The Neue Klasse must establish BMW's missing growth narrative—the true challenge.
European Q1 new orders hit a record seasonal high, with BEV orders up 62% year-on-year and iX3 orders alone exceeding 50,000. But in China, 625,000 units in 2025 represent an emergency defense line. Smart EV newcomers like Seres, Li Auto, Xiaomi, and NIO in the RMB 300,000-500,000 price range are rapidly encroaching on BMW's core market.
The pure EV track (segment) is now a red ocean. BMW's Neue Klasse iX3, i3, and long-wheelbase iX3L face not just the 2020 Tesla market but a 2026 landscape where all price points are covered by domestic players.
BMW has developed a long-wheelbase Neue Klasse version and adopted Chinese supplier solutions like Momenta's intelligent driving. Mercedes did the same with its all-new CLA late last year—and still failed. China's competition is too fierce.
Observing Neukirchen's public remarks in recent days, his keywords are "profitability and speed are critical." His contract runs through 2031. He may reduce BMW's bleeding during the transition but won't necessarily achieve successful transformation and renewed growth.

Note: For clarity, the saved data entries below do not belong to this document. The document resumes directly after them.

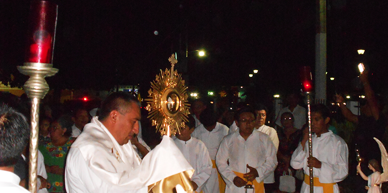 Calkiní, Cam. a 1 de Junio del 2018.- Cientos de fieles católicos, celebraron con una solemne misa y procesión la adoración del cuerpo y la sangre de cristo (Corpus Christi), después de a haber transcurrido los 60 días de la resurrección. Celebración que tuvo lugar en la iglesia de San Luis Obispo de esta Ciudad. Donde el Pbro. Juan Eliodoro Kantún Huchim exhorto a la comunidad para estar en santidad con la eucaristía.
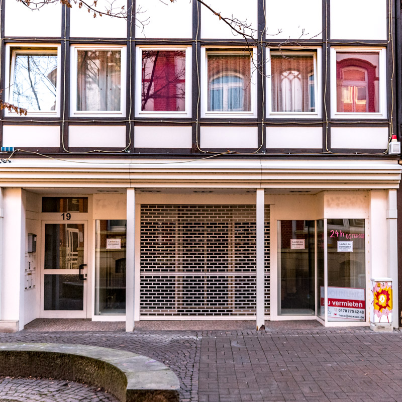 Was heute aussieht wie ein modernes Gegenstück zu dem spätmittelalterlichen Fachwerkbau mit Toreinfahrt als direkter Nachbar, entpuppt sich in Wirklichkeit als ein Gebäude mit zwei „Doppelhaushälften“. Genauer: Ursprünglich bildet Nr. 19 zusammen mit Nr. 17 ein einziges Baugrundstück, wohl bereits seit den 1530er Jahren. Spätestens nach dem Stadtbrand 1545 wird es 1556 gleichzeitig mit zwei Häusern von Hans Niemeier neu bebaut. Wohl gegen 1589 ist ein C. Dortmunden der letzte, der Nr. 17 und Nr. 19 gemeinsam besitzt/bewohnt. – Auf jeden Fall ist Nr. 19 seinerzeit wohl eine Art „Zwilling“ zu Nr. 17, ebenfalls mit Sonnenrosen (Fächerrosetten) und Tor. Schmuck und Balkenlage haben direkten Anschluss an das Nachbarhaus, woraus man schließen kann, dass beide Häuser ursprünglich eine Einheit bilden. Auch der abgeschnittene Halbkreis von Nr. 17, der plötzlich an der Fassade von Nr. 19 endet, weist darauf hin, dass sich dieser in einer Linie seinerzeit auf der Fassade von Nr. 19 fortsetzt.
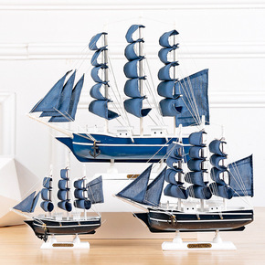 地中海风格木质品帆船模型摆件家居客厅办公室桌面装饰...
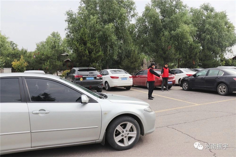 在会务接待工作中,党员志愿者和积极分子参与指挥交通工作,保障园区外来车辆安全有序流动。
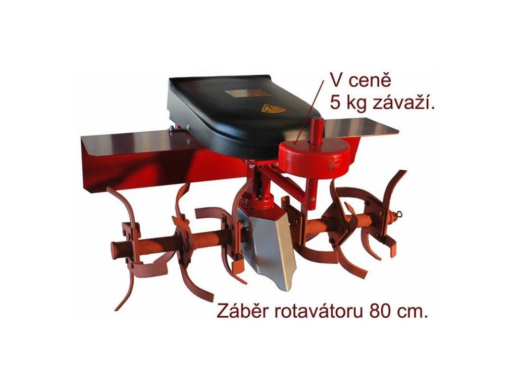 Rotavátor je zostavený zo 6 hviezdic s priemerom 30 cm a záberu 80 cm, po zúžení na 4 hviezdice je záber 54 cm. Vlastné sprevodovanie adaptéra sa deje prevodovkou v pomere 1:7,5, klinový remeň slúži na prenos otáčok, nikolv na vlastné sprevodovanie.
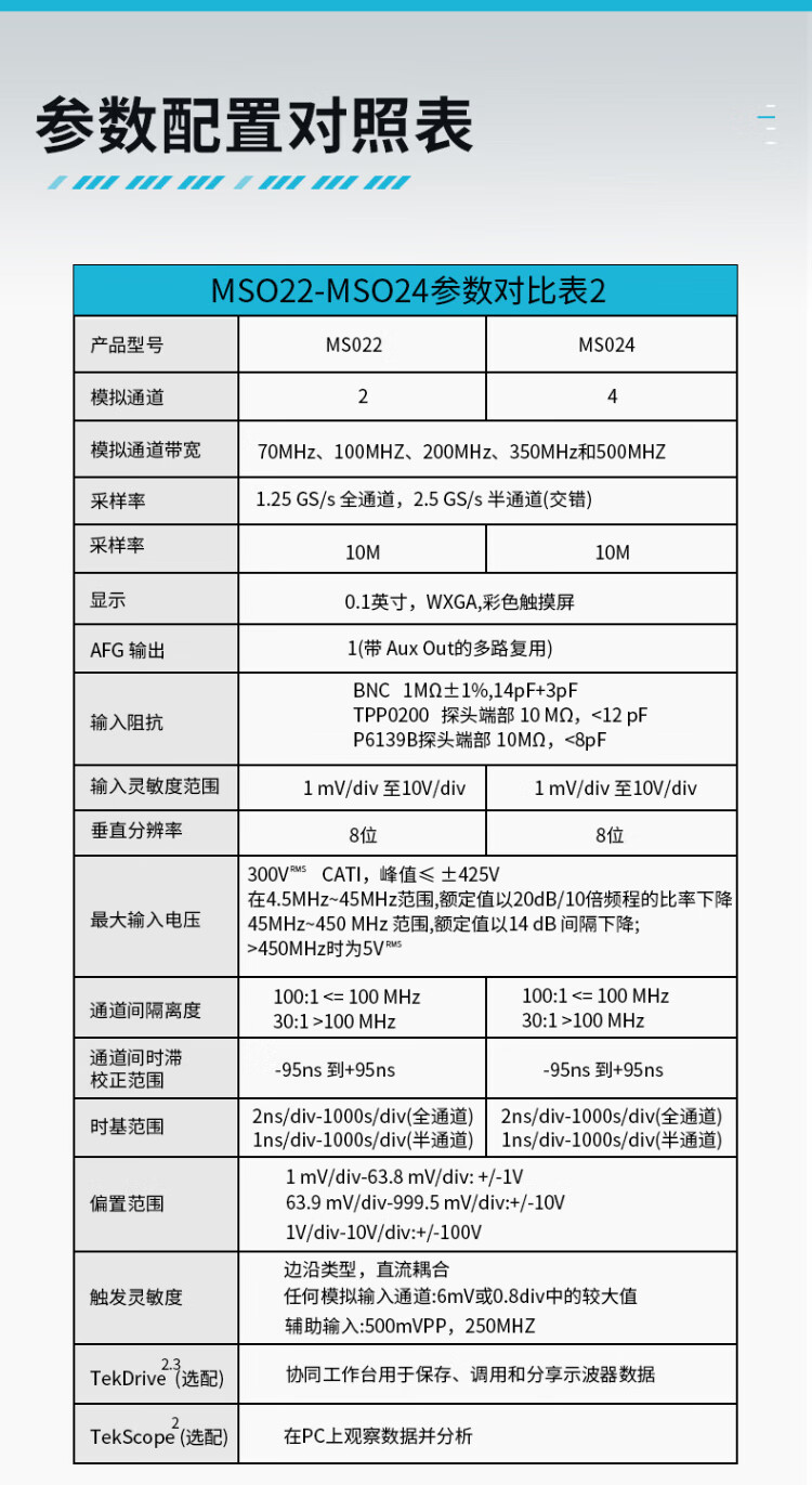 TEKTRONIX MSO22 2-BW-200+R3 portable digital storage oscilloscope dual channel 200M
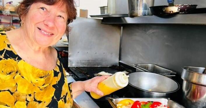Artist Nadine Mitchell peeks through a kitchen window into the hallway she painted at La Botte Italian Restaurant.
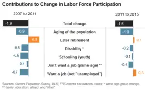 Economists at the Federal Reserve Bank of Atlanta reported in April 2016 that changes in the labor force participation rate reflect both aging (demographic) and behavioral aspects. They estimated the demographic effect was responsible for about half of the 3.4 percentage point decline between 2007 and 2015. However, the behaviors contributing to the remainder changed when measuring components of the 1.9 percentage point decline in 2007–2011 and the 1.5 percentage point decline in 2011–2015. Those persons wanting a job (who were still considered outside the workforce due to not actively searching for employment) contributed 0.7 percentage points to the decline in 2007–2011, but actually offset the decline in 2011–2015, indicating improving labor market conditions. From 2007 to 2015, later retirement was another factor offsetting the decline, while disability, more youth in school, and prime age workers not wanting a job contributed to the decline.[31]
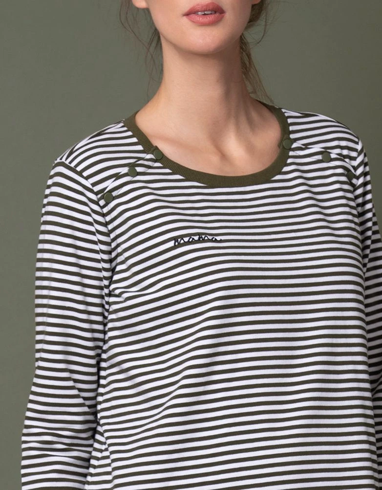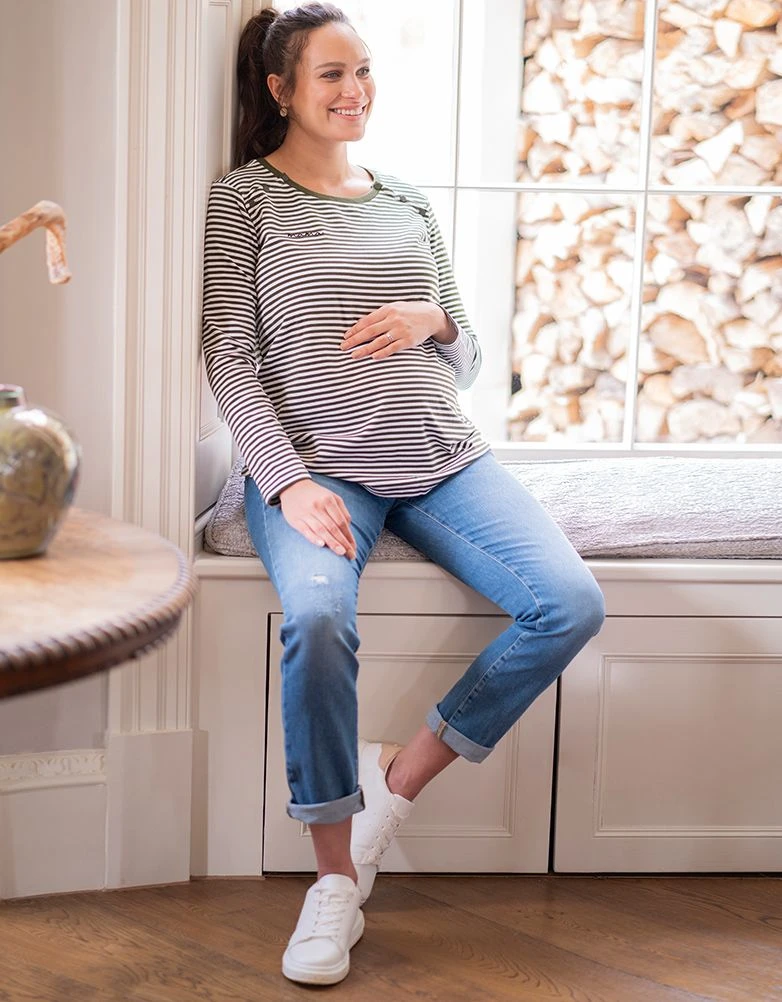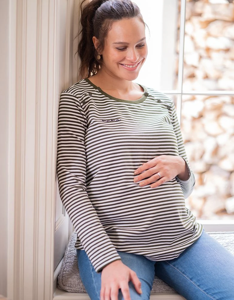 Un classique à rayures avec un accès ingénieux pour l’allaitement et un adorable petit motif ‘mama’. Notre haut de grossesse et d’allaitement rayé Mama est parfait pour être porté avec un jean ou une salopette. Réalisé en coton stretch doux, ce modèle est agréable à porter et évolue avec vous tout au long de la grossesse. Après l’arrivée de bébé, des boutons-pression s’abaissent sur le devant pour faciliter l’accès à l’allaitement. Brodé sur le cœur, l’écrit ‘mama’ y a apporte une touche finale discrète.
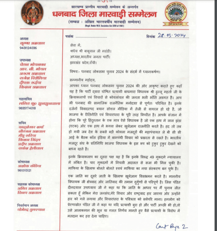 इसी को लेकर धनबाद जिला मारवाड़ी ने भी अपनी नाराजगी जाहिर की है। मारवाड़ी जिला सम्मेलन के जिलाध्यक्ष कृष्णा अग्रवाल ने भाजपा प्रत्याशी ढुलू महतो के खिलाफ बीजेपी प्रदेश अध्यक्ष बाबूलाल मरांडी को चिट्ठी लिखी है। पार्टी के राष्ट्रीय अध्यक्ष को भी इसकी प्रतिलिपि भेजी गई है।
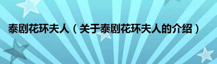 大家好,小新來為大家解答以上的問題。泰劇花環(huán)夫人,關(guān)于泰劇花環(huán)夫人的介紹很多人還不知道,現(xiàn)在讓我們一起來看看吧!
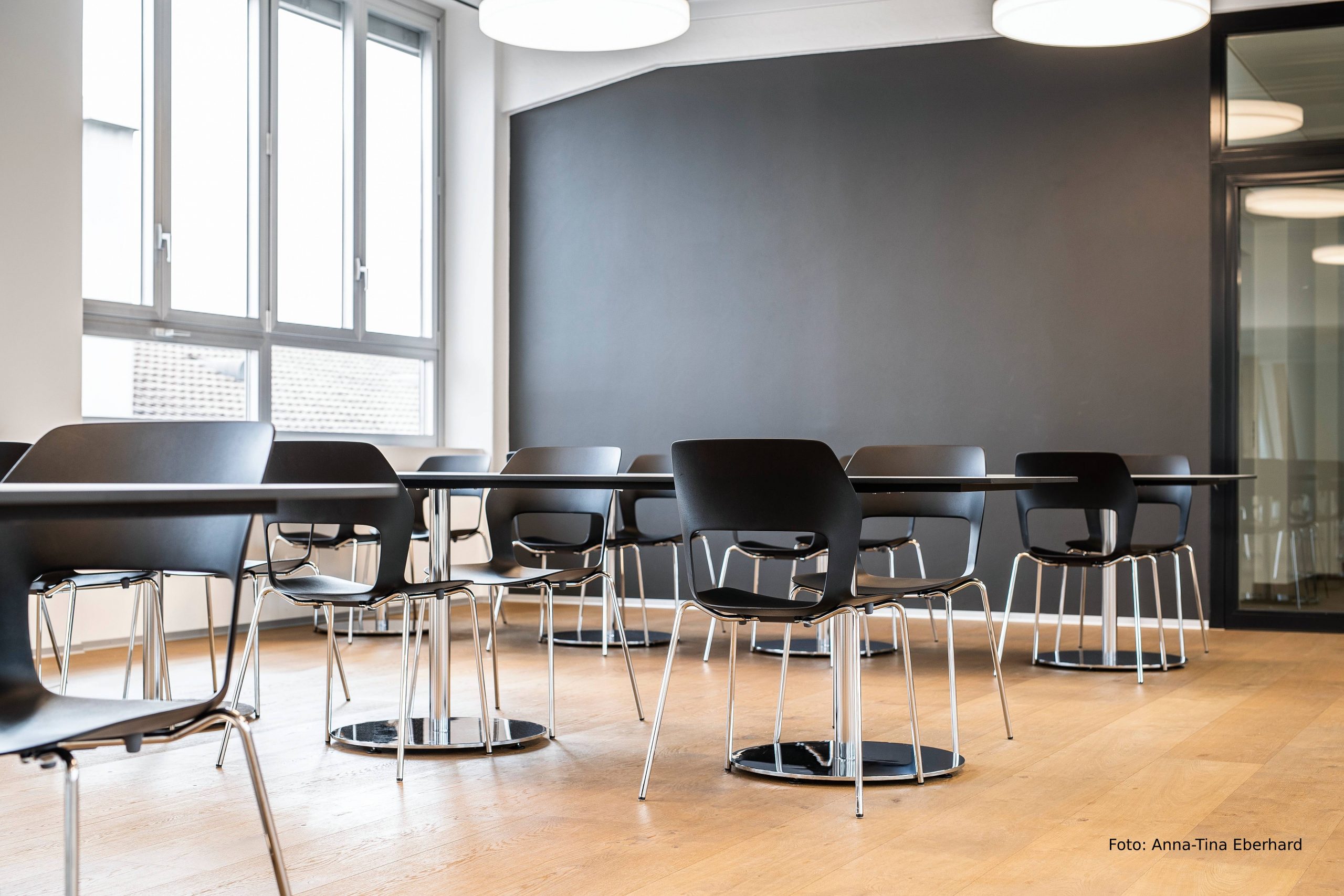 Le choix s’est finalement porté sur deux modèles de la chaise universelle Occo de Jehs + Laub, la chaise de conférence Modus de Klaus Franck et Werner Sauer et la table Timetable d’Andreas Störiko. La cafétéria et l’espace multifonctionnel ont été aménagés avec des chaises Occo SC à piètement métallique et sans rembourrage, car elles sont particulièrement légères, faciles à empiler et lavables. Grâce aux tables Timetable mobiles avec des plateaux de table pivotant verticalement, les locaux deviennent flexibles et peuvent être réaménagés à tout moment selon les besoins. En effet, grâce au mécanisme de pivotement robuste, les tables sont faciles à utiliser et en outre très résistantes.
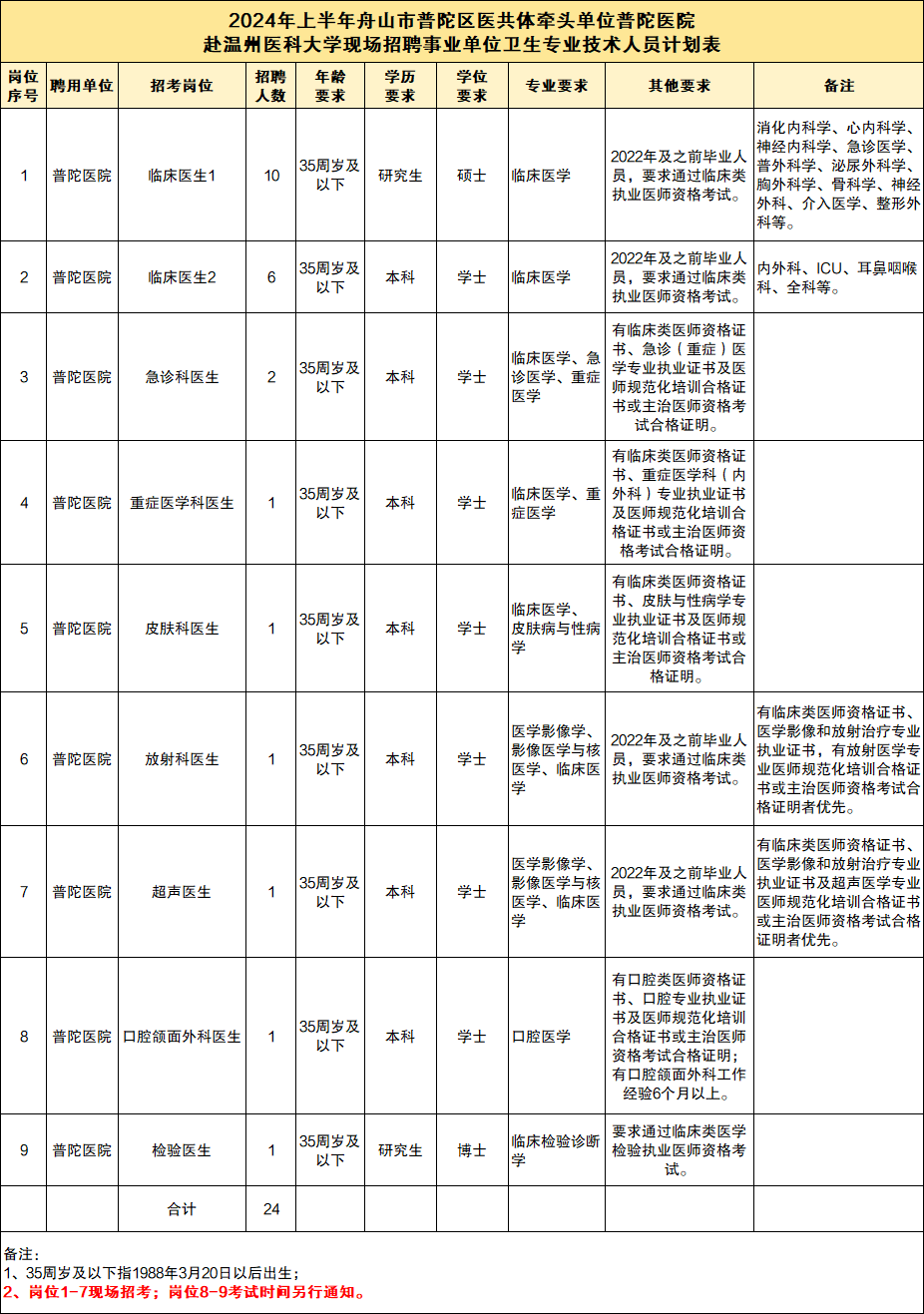 计划招聘医务人员 24 名,具体招聘岗位及计划数详见《2024 年上半年舟山市普陀区医共体牵头单位普陀医院赴温州医科大学现场招聘事业单位卫生专业技术人员计划表》

BMW must confront its real long-term issue: whether luxury brand premiums can persist in the electrification and smart era.
Thus, BMW needs external environment improvements more than ever.
Zipse concluded his speech: "Thank you, BMW, for 35 fulfilling, intense, and thrilling years." What he didn't say was that he leaves Neukirchen a BMW with half the profit, stressed market share, and untested transformation results compared to when he took over.
Whether it can switch from defense to offense is a question that BMW has not answered.